Herzlich Willkommen !

Eine Woche garnichts machen ! Dann müsste sich die Trübung geben . Das sind Schwebstoffe die sich erst setzen müssen .
An sonsten l Unterwasserpfanzen einsetzen .

lg
axel


----------



## Bene Benassi (30. Mai 2014)

Okey!

Ich habe 24h die Luftpumpe an, der Auslass steckt im Ansaugbereich der Filterpumpe sodass immer etwas Luft in den Filter kommt.

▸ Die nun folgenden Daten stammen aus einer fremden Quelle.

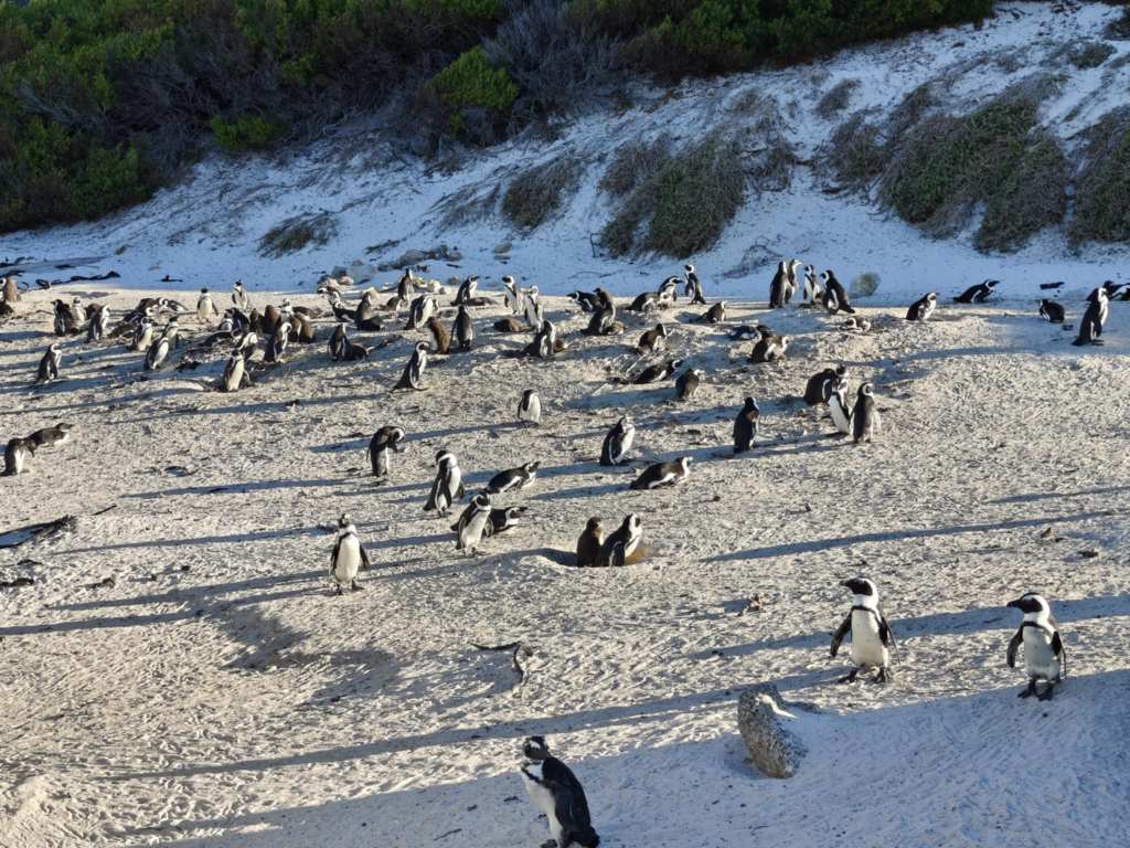 Kolejna niespodzianka przed nami już za chwilę, ale póki co nasz kierowca wytoczył wielki autokar znów na wąskie drogi wiodące przez malownicze miasteczka nad brzegiem oceanu. Holendersko i brytyjsko brzmiące nazwy ulic przypominają o czasach, kiedy to RPA była właśnie we władaniu europejskim a koloniści, starali się odtworzyć na dalekim południu choć trochę miejsca krajobrazy bliskie ich sercom. Udało im się to naprawdę bardzo dobrze. Wiele z tych miasteczek sprawia wrażenie, jakbyśmy cały czas byli na starym kontynencie a jeden z oficjalnych języków używanych w RPA – Afrikaans – do złudzenia przypomina język Holenderski. Było już dość dobrze po południu, kiedy autokar zatrzymał się na parkingu przy plaży. Nie była, jednakże to taka zwykła plaża. Boulders Beach, bo tak właśnie nazywa się to miejsce jest domem dla liczącej tysiące sztuk kolonii pingwinów afrykańskich. Małe czarno-białe ptaki przechadzają się po plaży nie robiąc sobie nic z obecności ludzi, którzy to z drewnianych kładek ustawionych nad piachem bez przerwy robią zdjęcia pokracznie tuptającym nielotom. To chyba pierwszy raz w moim życiu, kiedy na własne oczy widziałem pingwina na wolności. Nie w ZOO czy parku, ale w jego bądź co bądź, naturalnym środowisku!

Was haltet Ihr davon ?

Dank unseren Breitengraden läuft die Filterpumpe nur 12h am Tag, ist das ausreichend ? (Mir gehts um die Bakterien)

Ich denke den Fischen gehst gut es hat alles vor 5 Jahren mit 3 angefangen, jetzt sind es 13. 

Das was mich stört ist das trübe Wasser, der Filter läuft jetzt ca 4 Tage... brauch man dafür diese Starterbakterien ?

Grüße
Bene


----------



## ottostör1064 (30. Mai 2014)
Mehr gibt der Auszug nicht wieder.